Ireland's greenhouse gases reached a new record high in 2019, according to a recent Irish climate report. 

The joint report from the Environmental Protection Agency, Met Éireann, and the Marine Institute stated that Ireland's carbon dioxide, methane, and nitrous oxide reached unprecedented levels in 2019. 

The study took measurements from Mace Head in Galway and reported the highest levels of greenhouse gases in Ireland since records began, with carbon dioxide levels 50% higher than in the pre-industrial era. 

Meanwhile, nitrous oxide concentrations have risen by 20% since the pre-industrial era, while methane has increased by 170%. 

However, the concentration of chlorofluorocarbons (CFCs) has been falling since 2004 after the production and use of the chemical, which was commonly found in aerosols and refrigerators, was banned in 1989. 

Sulfur levels also decreased by 80% between 1980 and 2015 due to the introduction of strict regulations and advanced technologies. 

The report stated that Ireland has become "warmer and wetter" due to global climate change, with Ireland's average surface air temperature increasing by 0.9 degrees over the past 120 years, while 15 of the 20 warmest years on record have occurred since 1990. 

Similarly, precipitation in Ireland was 6% between 1989 and 2018 than it was in the three previous decades, while the ten years between 2006 and 2015 were the wettest on record. 

"Analysis of wet and dry spells demonstrates an increase in the length of wet spell days across the country.
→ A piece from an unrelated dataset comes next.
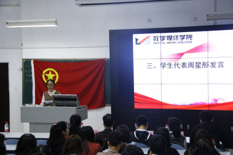 接下来,由学生代表周星彤作为数字媒体学院2019年青年马克思主义者培养工程暨第一次团学干部培训的学员代表发言。她向精心组织安排本次培训的老师和同学们表示感谢,倡议全体学生干部要珍惜学院为大家提供的这次集中培训机会,严格遵守青马培训规章制度,潜心学习,强化锻炼,加强交流,认真完成所有培训课程。

No trend is apparent in dry spell days," the report states. 

Climate change has had a similar effect on Irish sea levels, with the sea level in Dublin Bay rising by approximately 1.7mm since 1938. 
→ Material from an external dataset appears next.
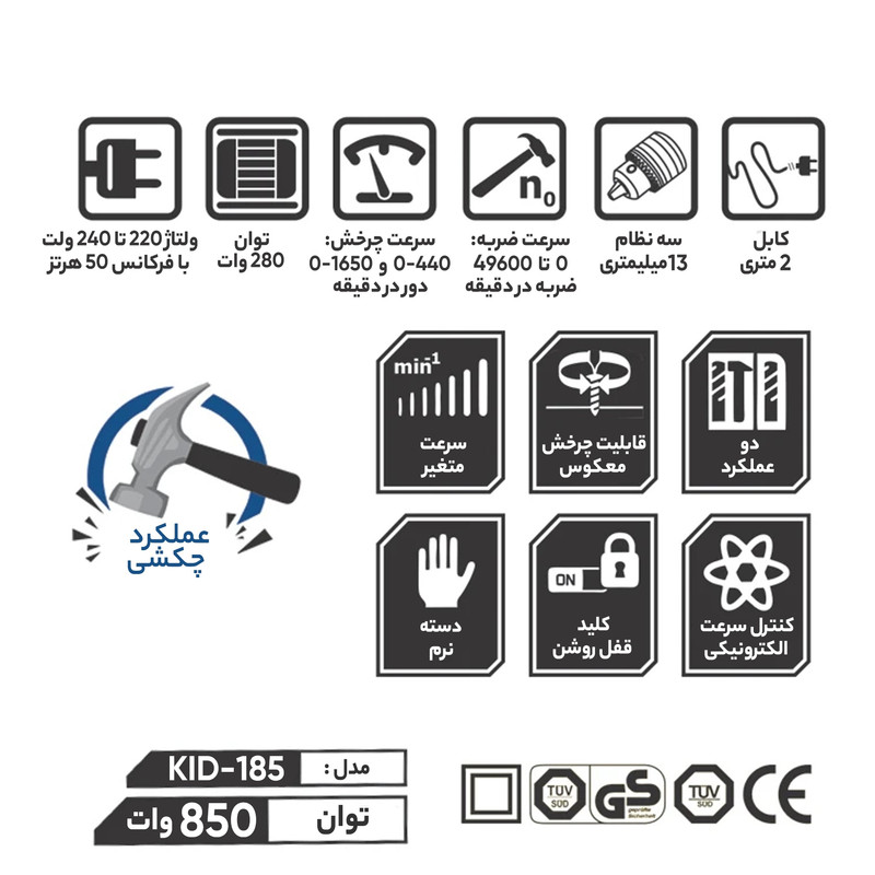 محصول فوق یکی دیگر ازمحصولات برقی تولیدی شرکت «کنزاکس» (Kenzax) میباشد. امروزه برای سوراخ کردن اجسام مختلف، از انواع دریلهای برقی یا شارژی استفاده میکنند. کار با این دستگاه کار چندان مشکلی نیست و نیاز به کسب مهارت خاصی ندارد. با توجه به میل افراد جامعه به انجام کارهای فنی در منزل، در بسیاری از خانهها نمونهای از این دستگاه دیده میشود. دریلها انواع مختلفی دارند و انرژی موردنیاز خود را از برق یا باتری میگیرند. با استفاده از دریلهای معمولی قادر به سوراخ کردن اجسامی از جنس چوب، پلاستیک یا فلزات می باشید. اما با این دریل که قابلیت سوراخ کاری در حالت چکشی را داراست علاوه بر این موارد، دیوار، سرامیک و انواع مصالح ساختمانی را میتوانید سوراخ کنید. دریل چکشی کنزاکس ابزاری مناسب برای سوراخکاری در انواع سطوح چوبی و فلزی و مصالح ساختمانی می باشد. این دریل چکشی حدود 2100 گرم وزن دارد و در ابعاد کوچک 28 × 20 × 7 سانتیمترتولید شده است . با توجه با استفاده از سه نظام فلزی مارک پیکاک حداکثر قطر سوراخکاری آن در دیوار 13 میلیمتر, چوب 25 میلیمترو در فلز 10 میلیمتراست. این دستگاه از سیستم گردشی راستگرد و چپ گرد بهره میبرد. و حالت سوراخ کاری معمولی و ضربهای را برای شما فراهم میسازد. منبع تغذیهی این دریل، برق شهری است و با ولتاژ ورودی 220 ولت کار میکند. توان خروجی این ابزار 850 وات است و میتواند با سرعت گردش صفر تا حداکثر 3100 دور در دقیقه به سوراخکاری بپردازد. برای سهولت در سوراخکاری، دستهای کمکی از جنس آلومینیوم با تزریق دو رنگ و روکش TPR ضد تعریق با قابلیت چرخش 360 درجه در قسمت جلویی دستگاه قرار دارد و از یک خط کش فلزی که عمق سوراخ کاری را تنظیم می کند بهره می برد. شرکت کنزاکس که همیشه در تولید ابزار های صنعتی نوآور است این محصول را تحت عنوان مدل «KID-185» به بازار عرضه میکند. لازم به ذکر است این دریل مخصوص کار روی فلزات ، انواع چوبها ، PVC ، مصالح بنایی از قبیل دیوار و بتن و موادی است که فشار معکوس به دریل وارد نمیکنند . خصوصیت بارز این مدل مجهز بودن به گیربکس فلزی با فلنج میانی است که این مدل را در دسته محصولات صنعتی قرار میدهد

The sea level around Ireland, meanwhile, has risen by between 2-3mm since the early 1990s, while the surface temperature of Irish waters was 0.47 degrees higher during the last decade than in the previous 30 years. 

Met Éireann director Eoin Moran said that high-quality reports and observations would be crucial in the response to climate change. 

"As citizens in Ireland and around the world are now seeing the impacts of climate change, through ever more extreme weather events, fires, and flooding, etc; high-quality observations of the climate are crucial to help inform society’s response to the Climate Emergency.

"Scientific long-term monitoring of the climate underpins climate research and the development of climate services which support policy making and decision making in the face of the urgency of the climate crisis." 

The joint report follows the publication of a major report from the UN's Intergovernmental Panel on Climate Change, which unequivocally stated that humans were the main drivers of climate change. 

The IPCC report stated that the effects of climate change are "widespread, rapid and intensifying", causing Earth's climate system to change across the entire planet. 

Additionally, the report warns that failure to implement immediate reductions in greenhouse gas emissions will lead to inevitable catastrophic events for the human race over the coming decades, including extreme weather conditions and rising sea levels. 

However, the report also states that it is not too late to reverse the effects of climate change if immediate action is taken.